%%

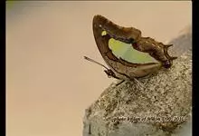大二尾蛱蝶两翅正面黑色,中域有一浅绿色大型宽带纹,两翅反面浅绿色,中域有一缀黑边的褐色弧纹,亚外缘还有一深褐色横纹,后翅各有尾突两条,…全部>>
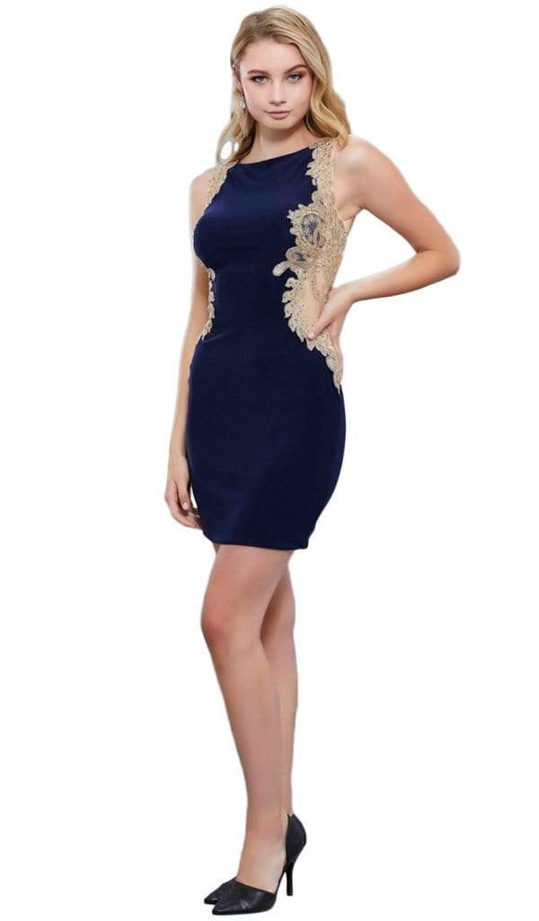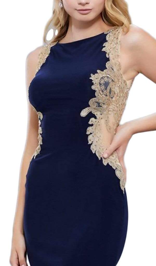 This sleeveless dress delights in a bateau neckline with fitted bodice adorned with gold embellishments. The illusion full back is flourished with gilded intricate appliques. The sheath skirt highlights your curves and runs at mid-thigh hem.
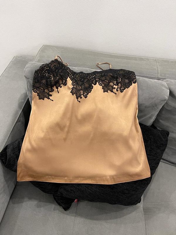 Майка золотого кольору з 100% натурального шовку, розмір S: об'єм грудей 88 см(тягнеться), довжина 60 см, бретелі регулюються.
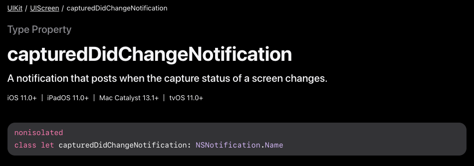 캡처의 경우 `UIScreen.capturedDidChangeNotification` 알림을 이벤트로 추가하여 감지할 수 있다.
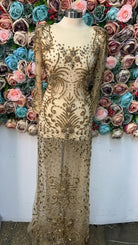 "Flowing elegance in every detail- our long gold panel with sleeves is made to dazzle."
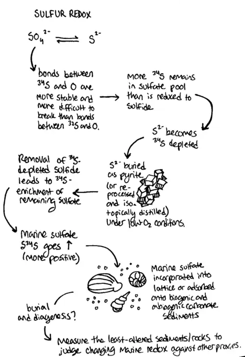 Carbonate-associated sulfate (CAS) represents a small fraction of seawater sulfate, buried (and to some extent, preserved) with carbonate sediments. Thus, the changing δ34S value of CAS through time should theoretically scale with the changing amount of reduced sulfur species being buried as metal-sulfides and the correspondingly enriched ocean. The enrichment of marine sulfate in 34S should in turn scale with things like: the level of oxygen in the oceans and atmosphere, the initial appearance and proliferation of sulfur-reducing metabolisms among the world's microbial communities, and perhaps local-scale climate events and tectonism.[51][52][37] The more positive the δ34S of marine sulfate, the more sulfate reduction and/or burial/removal of reduced, 34S-depleted sulfur species must be occurring.
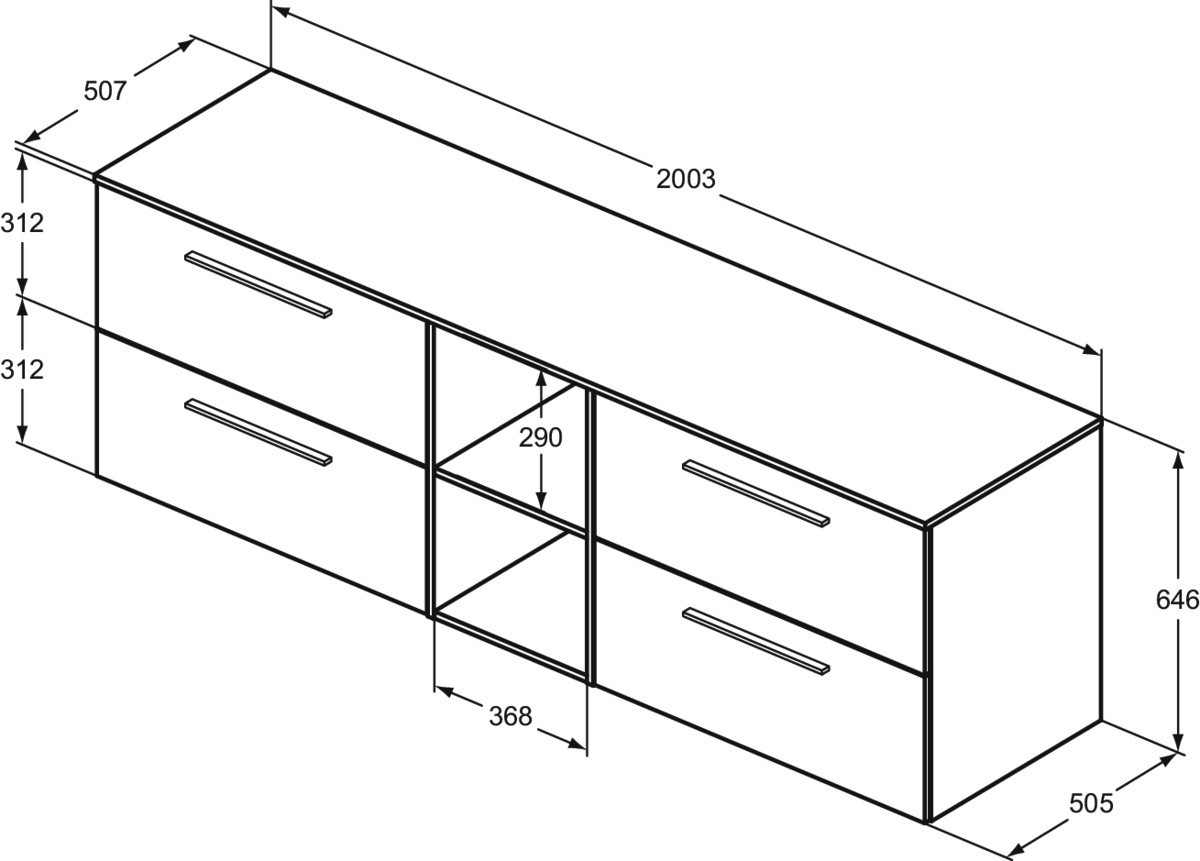 Ideal-Standard Möbel-Set i.life B 200,3x64,6x50,7cm, 4 Auszüge, Griff silk black, weiß matt W920314
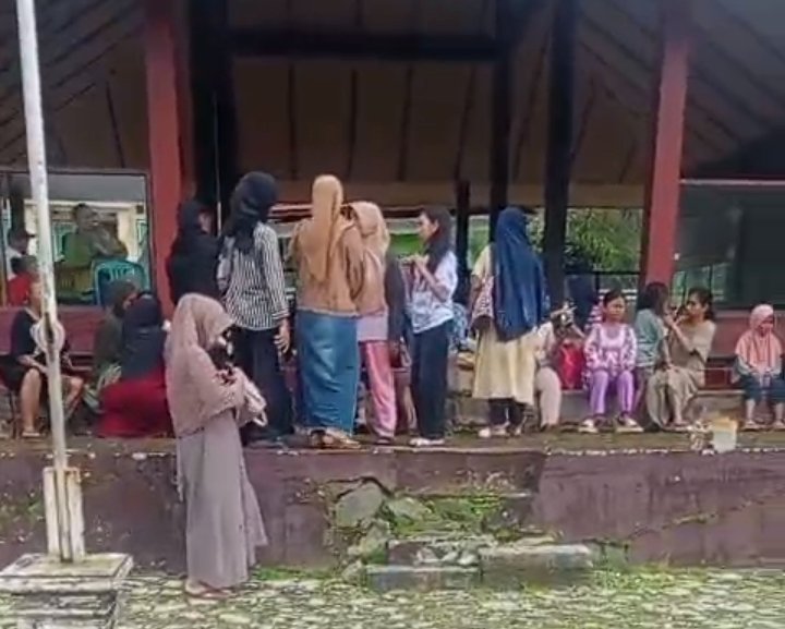 Suara teriakan dan tangisan warga yang panik terdengar keras, menggambarkan kekhawatiran mereka terhadap keselamatan diri dan keluarga. Warga terlihat berhamburan lari menyelamatkan diri dari pergerakan tanah yang dahsyat.
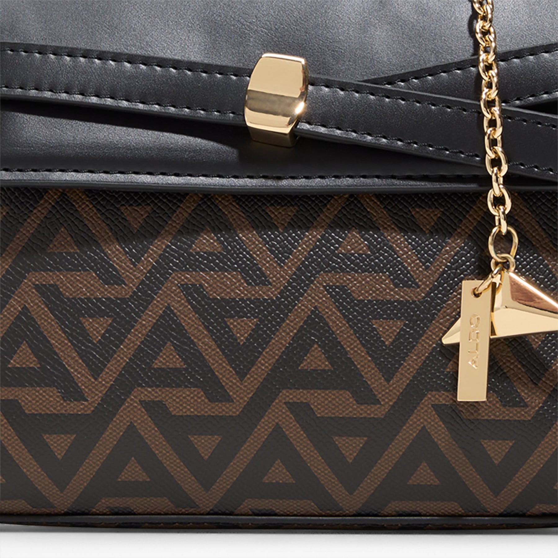 Mala de mão ALOLA para mulher, em castanho, com fecho magnético, alça curta e um aplique decorativo. Com uma alça extra para uso de tiracolo.
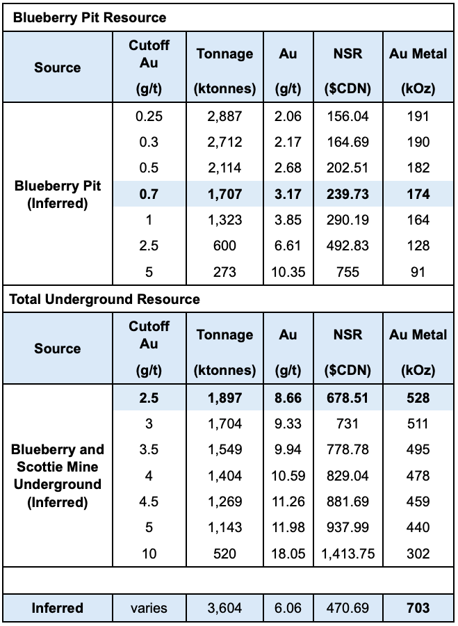 Note: BB UG = Blueberry underground, Scottie UG = Scottie underground, BB OP = Blueberry open pit, Au = gold grade (g/t), kt = thousand tonnes

%%

**Task details:** This task calls for the lines from the line containing "Ideal-Standard Möbel-Set i.life" through the end of the listing, set down exactly and only, with pictures omitted.

**Answer area:**
 Ideal-Standard Möbel-Set i.life B 200,3x64,6x50,7cm, 4 Auszüge, Griff silk black, weiß matt W920314
 Suara teriakan dan tangisan warga yang panik terdengar keras, menggambarkan kekhawatiran mereka terhadap keselamatan diri dan keluarga. Warga terlihat berhamburan lari menyelamatkan diri dari pergerakan tanah yang dahsyat.
 Mala de mão ALOLA para mulher, em castanho, com fecho magnético, alça curta e um aplique decorativo. Com uma alça extra para uso de tiracolo.
 Note: BB UG = Blueberry underground, Scottie UG = Scottie underground, BB OP = Blueberry open pit, Au = gold grade (g/t), kt = thousand tonnes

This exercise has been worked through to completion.